Thursday, November 15, 2018

The Road Forward {Part II }


I've changed the title from my post from Monday as I intend to write a series now on what stocks may be telling us.  Today I want to give you a view of what I think is the probable environment we may be in for some period of time.  I want you to take a look at this long range view of the markets as I believe it will provide some context for what we've been in and illustrative of where we might be going.  The chart above is a weekly chart and is from Tradingview.com, although the annotations are mine.  As always I am showing the S&P 500's ETF, SPY.  I use this because it is an actual security that investors can buy.  I am using a weekly view so we can see a broader look back over trading history.
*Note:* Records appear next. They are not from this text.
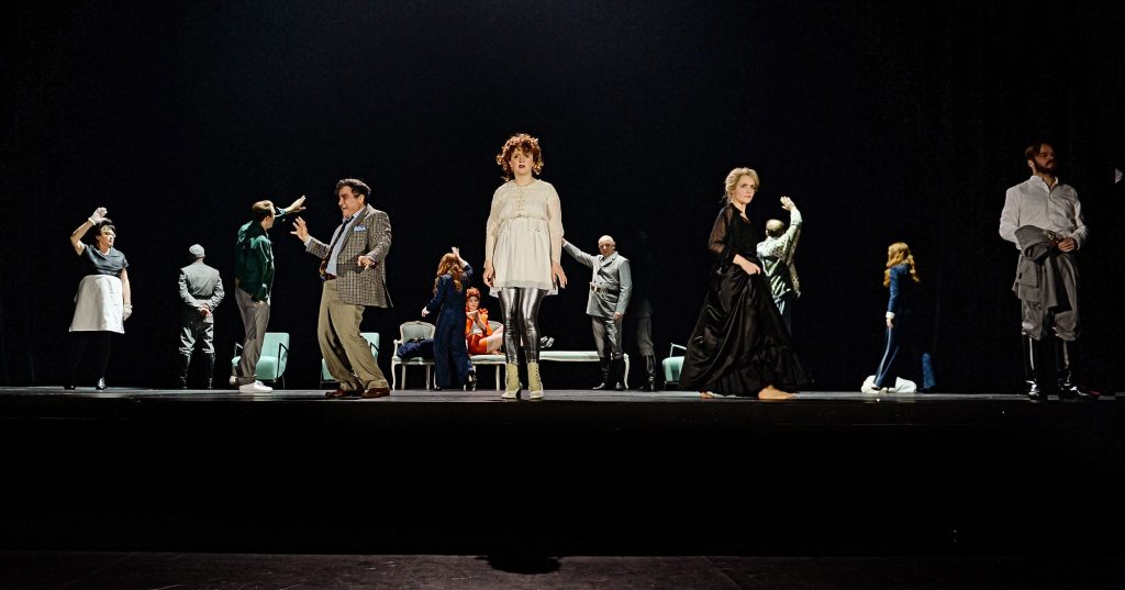 Am 29.02.2020 feierte DREI SCHWESTERN von Anton Tschechow in einer Neuübersetzung von Alexander Nitzberg am Staatstheater Mainz Premiere. Regie führte Maren E. Bjørseth. Passend zum Aufbruch der drei Schwestern, der nicht so recht gelingen will, verwandelt sich die Bühne in einen ewigen Wartesaal. Die Sorgen, Liebesnöte und vergeblichen Ausbruchsversuche führen jedoch nicht in lethargische Verzweiflung, sondern zu bissigen und grotesken Dialogen.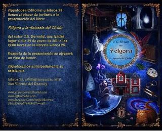 A quienes le gusten los libros fantásticos, el Viernes 28 de este mes tengan un ratito libre por la tarde y además se encuentren cerca de San Vicente del Raspeig, pueden disfrutar de la presentación del libro "Félgora y la antesala del olvido", escrito por C. G. Bernabé, y editado por la Editorial Appaloosa.Aquí os dejo los datos: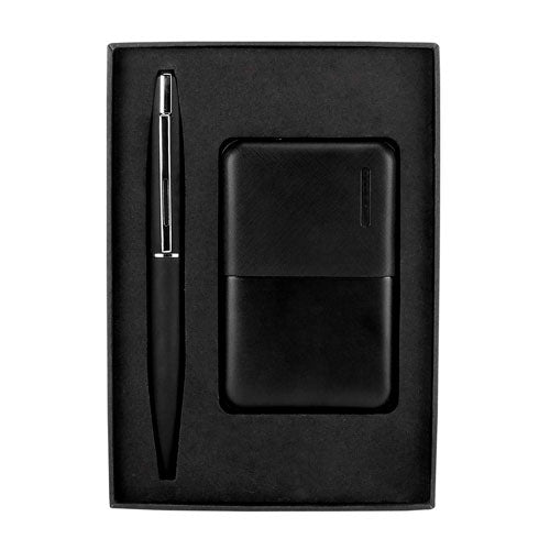 Incluye batería auxiliar de 5,000 mAh, bolígrafo de tinta negra con USB de 4 GB y caja de regalo.. Medidas: 6.4 x 9.8 cm Power Bank / 1.3 x 14.5 cm Bolígrafo . Material: Plástico Power Bank / Acero Inoxidable Bolígrafo

The current bull market was born in despair in March of 2009 and is now nearly a decade old.  From its lows back then to its most recent high it is up well over 330% without including dividends.  What needs to be noted is that this move higher has never gone up one straight line.  What has happened is that we've seen periods where stocks have moved higher and then paused to consolidate those gains.    I am showing those periods in the chart above.  Basically we can see three periods of consolidation since 2009, which I've labeled 1-3 above.  The first period lasted about two and a half years in roughly 2010-2013, the 2nd was also nearly the same length of time and lasted from 2014 to late 2016 and the third is what I believe we've been in for about a year now.  These periods of consolidation are healthy.  They allow the markets to lose speculative froth, while allowing earnings to catch up valuations which generally become extended during advances.  Investors though find these periods frustrating and sometimes frightening.  It is during these times that volatility picks up and it is usually during these periods where stocks see their most significant drawdowns.  Each of these consolidations has seen at least one decline of 10%.  Each has also seen some element of economic uncertainty and headlines proclaiming the bull market is over.  

Our current environment fits this pattern very well.  Certainly there is a lot of negative economic press right now.  Also there is economic and political uncertainty abroad while the political environment here in the US at times verges on toxic.  Yet the underlying economic news is still good.  The US economy will likely grow 3% this year and probably north of 2.5% in 2019.  More importantly, all of the secular economic trends we have talked about many times in the past are still intact.  These should provide some floor for stocks from a fundamental perspective.  In regards to valuation, stocks right now trade with a PE ratio of about 15.25 based on consensus estimates in 2019 and are trading with a 14 PE looking out into 2020.  {Yes, markets as discounting machines are starting to focus in on that number about now.}  My guess is investors fear more than anything the return of bear market similar to what we experienced a decade ago.  While nothing is guaranteed, right now there does not seem to be the kind of speculative excess in the system that would lead to a systemic failure of the kind we saw back then.  Financial institutions are much healthier today then they were back then.  The mostly likely way this decline turns into something approaching that is if an unexpected event shows up.  Away from that the overall system seems to be healthy enough that any decline should currently be viewed in the context of a normal, if painful, correction.  

If this hypothesis is correct then my guess is that we will continue in this sideways market for at least part, if not most of 2019.  I think that the S&P 500 has the potential still to finish this year 4-6% higher than where we are currently trading.  I also think it has the potential to trade 10-12% higher by the end of 2019 from these prices as well.  This of course is not a prediction or a guarantee it is what I am viewing based on my reading of what I see in the markets, the economy and over 30 years experience.  Obviously things could come up that makes this analysis wrong but it is my best guess right now.   Since I think we may be in this trading range for some considerable period of time next year, investors need to get used to an environment that is as volatile as what we've seen this year.  Investors also need to understand that volatility is part and parcel to investing in stocks.  It is part of the deal you strike when you invest in equities.  A year like 2017 where stocks showed very little volatility is an oddity.  Most years markets experience at least one correction around 10%.  This year is much more typical in terms of volatility.  

Next week I'll take up what I think investors should consider regarding asset allocation and what areas of the markets have the potential to benefit going forward in a choppy environment.

*Long ETFS related to the S&P 500 in client and personal accounts.  Positions may change at any time without notice or publication on this blog or on any other form of media.